Stein had grown up in a family that employed German immigrant servants and knew how they spoke. She used German constructions in “Lena,” the final story in Three Lives. By accustoming us to German constructions, she twists them further. It is this “twisting,” or using words in new combinations—”Herman was getting really strong to struggle” and “with that always scolding”—that gives added strength to the writing in Three Lives.

I have not read how Stein developed this penchant for unusual constructions, but I think she gives us the key in The Autobiography of Alice B. Toklas. There she informs us that her favorite writers were the Elizabethans, in particular the pamphleteer and playwright Robert Greene. English in Elizabeth’s time was without set syntax. All of English was in upheaval: not even names were spelled consistently. Out of this cauldron modern English was born.

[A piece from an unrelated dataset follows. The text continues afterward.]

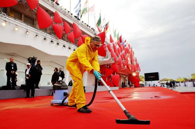 威尼斯电影节上还有一群人,他们用汗水和热情默默地为电影节辛苦付出。保安安德烈·塔迪奥已经为15届电影节服务。他每天要工作10个小时,从来没看过一场电影。对他来说,今年的电影节比往常推迟了几天,气温不高,工作也就没往年辛苦了。

I think Gertrude Stein saw that the English of her time was growing moribund, set in its ways, and therefore losing vitality. I think that her transfer of Elizabethan constructions and rhetorical devices was a conscious attempt to revitalize the language. It was not an experiment that either Anderson or Hemingway picked up.

Three Lives prodded me into thinking about words in combination, about new uses of words, and of unusual ways to express thoughts that we often smother in phrases worn smooth into near meaninglessness. Her work had the same effect on Sherwood Anderson.

Tender Buttons was Stein’s first experimental work of the kind that stamped her reputation as a writer of gibberish. There is much of Stein’s work that I find incomprehensible and pretentious, but Tender Buttons is not one. The work has no meaning but for writers it has significance. It is divided into three sections, “Objects,” “Food,” and “Rooms,” and each consists of a collection of “descriptions.”

Consider, for example, a paragraph titled, “A Drawing.” “The meaning of this is entirely and best to say the mark, best to say it best to show sudden places, best to make bitter, best to make the length tall and nothing broader, anything between the half.”

When Anderson read Tender Buttons he was led to create his own arbitrary word combinations to see the effects of their interactions. In A Story Teller’s Story, Anderson wrote: “How significant words had become to me! How it [Tender Buttons] had excited me! Here was something purely experimental and dealing with words separated from sense—in the ordinary meaning of the word sense—an approach I was sure poets were often compelled to make. Was it an approach that would help me? I decided to try it.”

Anderson wrote hundreds of pages of word exercises in the manner of Tender Buttons, and threw them away. During the time he was making these experiments, Anderson visited the studio of a friend, the painter Felix Russman. Russman took Anderson into his studio to show him his paints. “He laid them out on a table before me . . . I shifted the little pans of color about, laid one color against another. . . Suddenly there flashed into my consciousness, for perhaps the first time in my life, the secret inner world of the painters . . . the words used by the tale-teller were as the colors used by the painter.”